Wednesday, January 7, 2009

Shhhhhhhhhh!

Part of my job is to maintain order (and silence) in the library -- no small challenge in a room with 60+ teenaged girls. I feel like such a goob every time I hear myself say "Giiiirls, be quiet!" I just want to come up with more creative ways to convey that message. I do try to mix it up a little:

"Girls, cut it out."
"Be quiet, guys."
"Let's get quiet."
"Girls, settle down."

and my favorite, "Shhhhhhhhh!"

I just don't know how to phase the douchery out of having to say those things over and over.

Tuesday, January 6, 2009

Naomi Shihab Nye

It was Super Happy Joy Day at work yesterday when two giant boxes of new books were delivered. Today I started to process (fondle) all those new books, which really means examining them really slooooooowly and thinking about how I am going to read them all.

One of the new books is Naomi Shihab Nye's A Maze Me. I got lost in this daydream about Nye coming to the school to read to the girls and talk to them about the life of a poet.

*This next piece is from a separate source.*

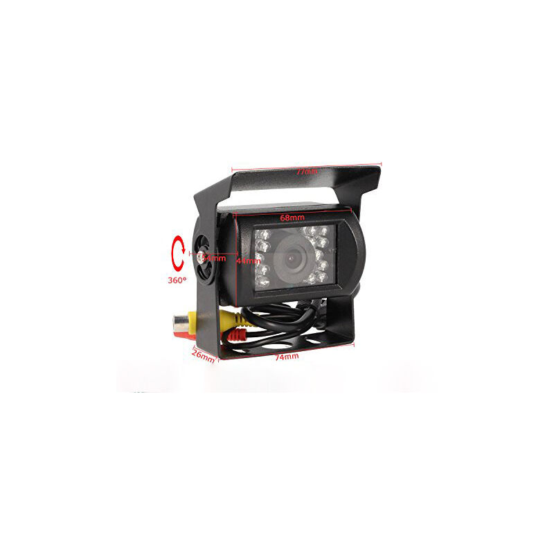 Telecamera Retromarcia Orientabile Infrarossa Notturna 12V 24V Camion Furgone Lungo Camper Tir Cavo RCA Una TELECAMERA per la RETROMARCIA -Con Cavo RCA IMPERMEABILE IP67 - -Orientabile Visione Notturno Con 18 Led- -12V 24V Per Camper Furgone Camion Tir- INFORMAZIONI UTILI: Alimentazione: DC 9V-35V (DC12 e DC24V) Sensore immagine: 1/3 SONY CCD colori Sistema televisivo: PAL/NTSC S/N Ratio: 48dB Risoluzione: 650 TV lines Pixel effettivi:720X576 pixels/PAL,720X480 pixels/NTSC Angolo visivo orizzontale: 3.6mm/92° e 2.8mm/120° Impermeabile: SI, IP67 Visione notturna: SI, con 18 Led Esposizione: Automatica Video output: RCA Dimensione: 74mm X 44mm X 54mm Visibilità al buio: 5 metri Visibilità alla luce: 15 meri Temperatura supportata: -20°C/60°C Materiali: Carcassa in metallo Peso:390 grammi Kit compreso: 1 telecamera + 1 cavo RCA da 5 metri + 1 cavo alimentazione Nota Bene: Monitor Compatibili che abbiamo a disposizione: KR3535 (Monitor 3,5 Con Interruttore On/Off) KR4343 (Monitor 4,3

Later my boss came through, and I told her about my little daydream.

"I know her," she said.

You know her?! Seriously, imagine. This amazing poet who lives here in San Antonio and is just crazy brilliant. To know someone like that. I turned purple.

Sunday, January 4, 2009

The gallery is open

One little project for this weekend was to hang this gallery in our living room.

Some rearranging was necessary, mainly because of this large painting from my grandmother. Painted by Heather's dad in the 1970s, it shows my dad (on the tractor) trying to beat a storm.
I also framed some of these Cabinet of Natural Curiousities prints last week.

Link

The Cabinet of Natural Curiousities is a giant book I've coveted for a few years. Instead of that hulking masterpiece, I found a slim book of prints from the original on the Barnes and Noble clearance table last week. One day I hope I have my own cabinet of curiousities. Oh! We saw a fantastic cabinet of curiousities in the art museum in Hartford over Thanksgiving. My cabinet will have to be cat-proof, of course.